In NREGA reforms, prioritise the worker and her dues

Source– The post is based on the article “In NREGA reforms, prioritise the worker and her dues” published in The Hindu on 30th January 2023.

Syllabus: GS2- Government policies and interventions

Relevance– Schemes for employment generation

News– The article explains the issues with MGNREGA. It suggests the reforms needed for the scheme.

What are the issues with the MGNREGA scheme?

The majority of reforms related to MGNREGA have focused on centralisation such as the electronic fund management system, geo-tagging of assets and a national mobile monitoring system (NMMS). They have disrupted implementation.

Almost 3,000 women NREGA workers in Muzaffarpur district are protesting against the NMMS application after the app failed to capture their attendance.

The process of wage payments created by the central government has become even more complex. For instance, seven or more functionaries have to sign off before payment due to a worker can be approved.

There are slow and unpredictable releases of funds by the central government.It is one of the fundamental reasons for State governments inability to ensure the full potential of NREGA. As of today, ₹18,191 crore in liabilities is due to 24 States.

Worksites are not opened on time, and the work provided does not match demand.

What reforms are needed for MGNREGA?

Payment reforms– There is a need to address delays in wage payments to restore the faith of workers in the programme.

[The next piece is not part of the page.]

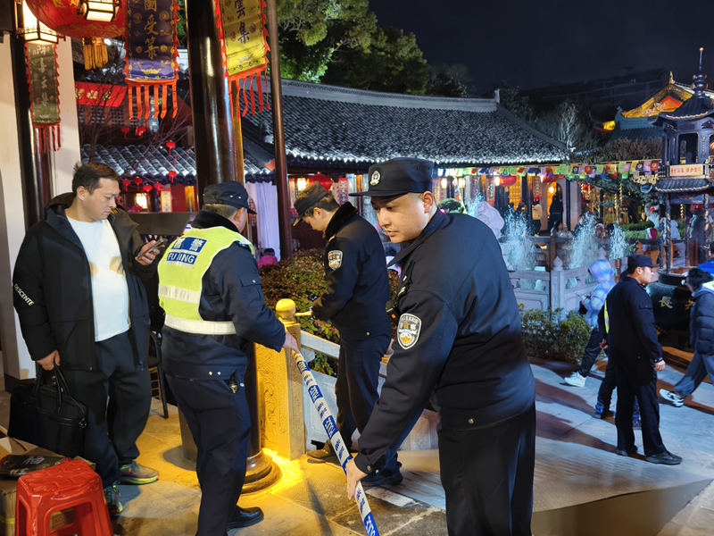 城隍廟元宵活動(dòng)現(xiàn)場(chǎng),民警點(diǎn)亮“平安燈”

In 2016, the Supreme Court of India directed the government to ensure that wages were paid on time.

The Ministry of Rural Development must simplify the payment process and has to be transparent about pending wage payments.

Implementation reforms– There is a need to strengthen implementation capacities where expenditure is low instead of curbing expenditure where employment generation is high. As per Economic Survey of 2016, states which are spending more are implementing the programme better because they have better capacities

For NREGA, reforms cannot be based on ‘targeting’ better. There has to be a focus on exclusion and not inclusion errors. Exclusion must be identified at the household level.

Panchayats, blocks and districts where employment of SCs and ST families is lower than their proportion in the population must be identified. Similarly, panchayats where the average wage being paid is lower than the notified wage rate must be identified as well.

The online Management Information System of NREGA can be used to find the shortcomings.

There is a need to run the programme like a demand-based law, and not a scheme.

Consultative process-The discussions on any proposed reforms should be made participatory. State governments have played a pivotal role in the successes and failures of NREGA.

Any proposed reforms must be tabled in State assemblies in addition to Parliament. Civil society organisations, worker unions and representatives of self-help groups should be brought into the discussion.

Other reforms– It is time the Government of India should map the impact of each of its reforms on access to NREGA, particularly in poorer States.

The central government must be held accountable for the denial of entitlements to NREGA workers as a result of top down reforms.